(Canongate, 2 May 2013, charity shop buy)
I have mixed feelings about this book.
There is much I enjoyed. I loved the setting; the author brings it to brilliant and vivid life. I fell in the love with the sense of place created. It was all very romantic and beautiful.
I enjoyed the way the author explores the history of Malaysia.
Two areas of the book didn't work for me.
The prose is sumptuous but this is a little too much at times. Excessive description is not always a good thing and large chunks of the text bored me at times. There is one image where a man touching a woman's back is described as a dragonfly settling on a leaf.
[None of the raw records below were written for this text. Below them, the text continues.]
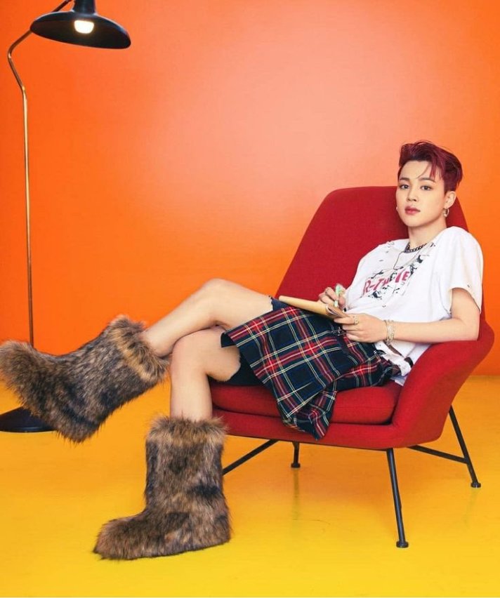Jimin usando saia no ensaio de fotos para o álbum Permission To Dance. Foto: Reprodução/Twitter.
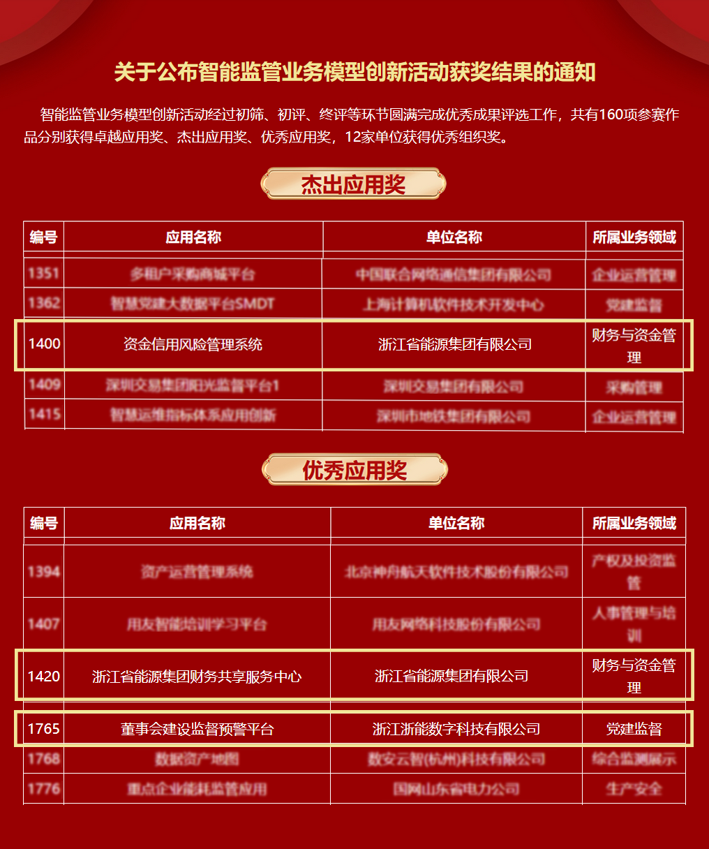 國務(wù)院國資委智能監(jiān)管業(yè)務(wù)模型創(chuàng)新活動(dòng)獲獎(jiǎng)名單揭曉 浙能多個(gè)項(xiàng)目上榜
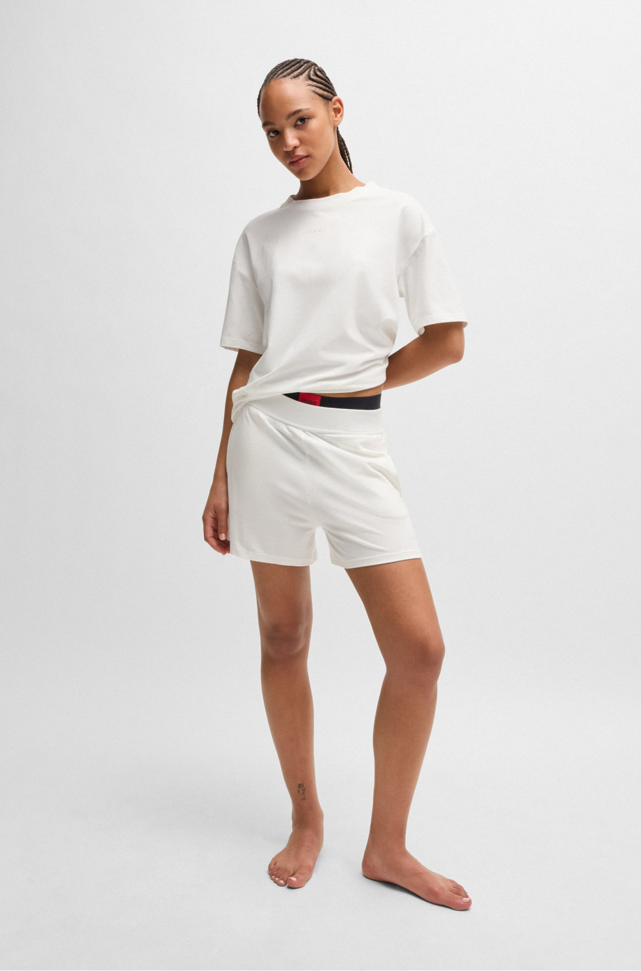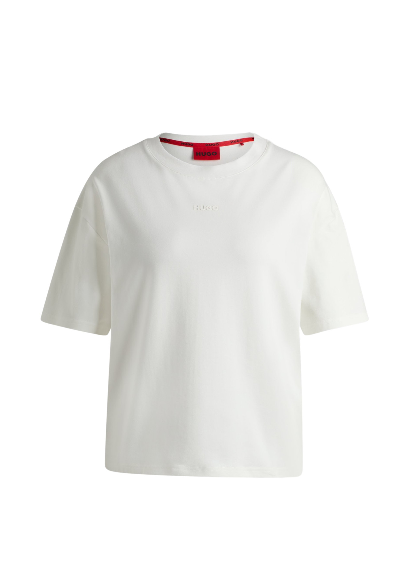 Натільна футболка від HUGO виготовлена з еластичного трикотажу білого кольору. Модель з короткими рукавами, вільного крою прикрашена логотипом бренду в тон виробу.
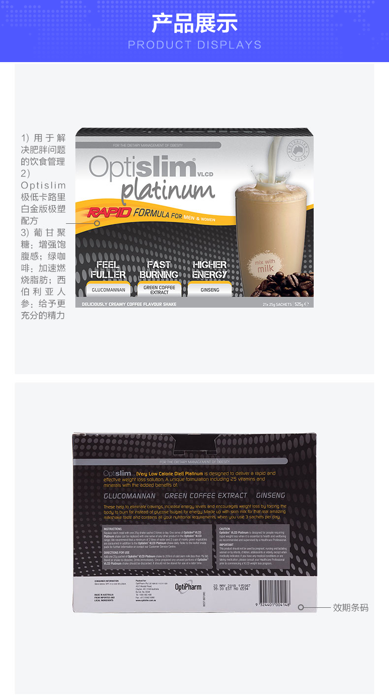澳洲Optislim代餐粉白金版饱腹营养餐代餐奶昔健康餐21包x25克
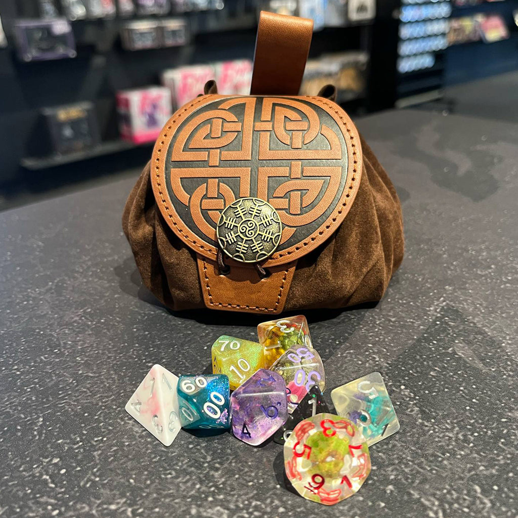 Forged for adventurers worthy of the mead hall, this rugged faux leather dice pouch channels the spirit of the North. Embossed with a powerful runic emblem and crafted to endure the harshest campaigns, it’s the perfect accessory for any shield-bearer ready to roll fate.

This might be pretty but felt really flat and pointless to me. Just pretty words used that essentially meant nothing. I started to get bored about three quarters of the way through and finishing it was a slog.
I didn't feel like the characters had a lot of life. For the most part they are flat, dull and I felt nothing for them. The prose is sumptuous and the setting vivid and yet these cold, bland characters are stuck in the middle of it all. I didn't really feel the characters. They weren't real enough for me so I cared nothing about what happened to me.
I didn't like Yun Ling as a narrator; she is cold, distant and just horrible at time. She is petulant most of the time and comes across as a whiny child. Her endless anger also started to tick me off pretty quickly. I get that she experienced trauma but her behaviour was exhausting and did not elicit the slightest bit of sympathy.
I thought I'd love The Garden of Evening Mists but it fell flat on it's pretty face.